Passthrough NVIDIA GPU becomes unresponsive and disappears inside the virtual machine
search cancel

Passthrough NVIDIA GPU becomes unresponsive and disappears inside the virtual machine

book

Article ID: 418517

calendar_today

Updated On:

Products

VMware vSphere ESXi

Issue/Introduction

A virtual machine using an NVIDIA passthrough GPU suddenly lost access to the GPU device. Inside the guest OS, the GPU no longer appeared in the output of command "nvidia-smi", and the following error was displayed,

NVIDIA-SMI has failed because it couldn't communicate with the NVIDIA driver. Make sure that the latest NVIDIA driver is installed and running. 

Below error is observed from vmkernel log on ESXi host 

Skipping device reset on <PCIe ID> because PCIe link to the device is down.

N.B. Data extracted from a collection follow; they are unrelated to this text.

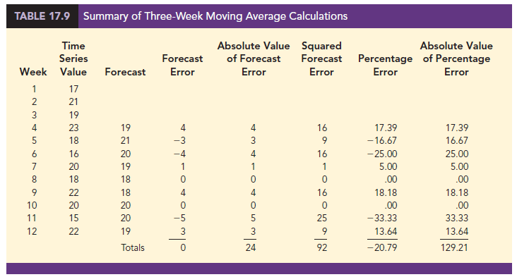 In Section 17.2 we also showed that using the most recent observation as the forecast for the next week (a moving average of order k = 1) resulted in values of MAE = 3.73, MSE = 16.27, and MAPE = 19.24%. Thus, in each case the three-week moving average approach provided more accurate forecasts than simply using the most recent observation as the forecast.
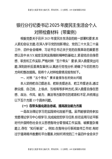 银行分行纪委书记2025年度民主生活会个人对照检查材料(带案例).docx
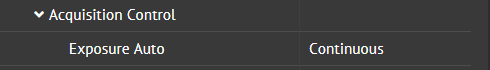 Users can set the auto exposure algorithm to be evaluated on a specific region of the image by using the Auto Exposure AOI features. To use Auto Exposure AOI, set Exposure Auto to Continuous:

Rebooting the virtual machine did not resolve the issue.

Environment

  • ESXi host with PCI passthrough enabled

  • Virtual machine using an NVIDIA GPU via passthrough

  • NVIDIA driver installed inside the guest OS

  • vSphere 8.x / 9.x

  • No recent configuration changes on vSphere or in the VM

 

Cause

The NVIDIA passthrough GPU became unresponsive at the hardware or firmware level. When the physical GPU stops responding, the VM cannot access the device, and the driver within the guest OS fails to communicate with the GPU. A guest OS reboot cannot recover the GPU because the hardware remains in a stuck state

This behavior indicates a potential GPU hardware or firmware stability issue.

Resolution

Reboot the ESXi host to restore access to the NVIDIA passthrough GPU so that the PCI device can be fully reinitialized during host startup.

Since the GPU dropped unexpectedly during normal VM operation, it is recommended to engage the server hardware vendor to check the GPU hardware and firmware health, including,

  • GPU card stability

  • PCIe slot health

  • GPU firmware/BIOS version

  • Thermal and power conditions

  • Known GPU reset or firmware lock-up issues

Additional Information

 

  • Once a passthrough GPU becomes unresponsive, ESXi and the VM cannot reset the device without a full host reboot.

  • Similar symptoms may occur if the GPU firmware locks up, overheats, or loses PCIe link stability.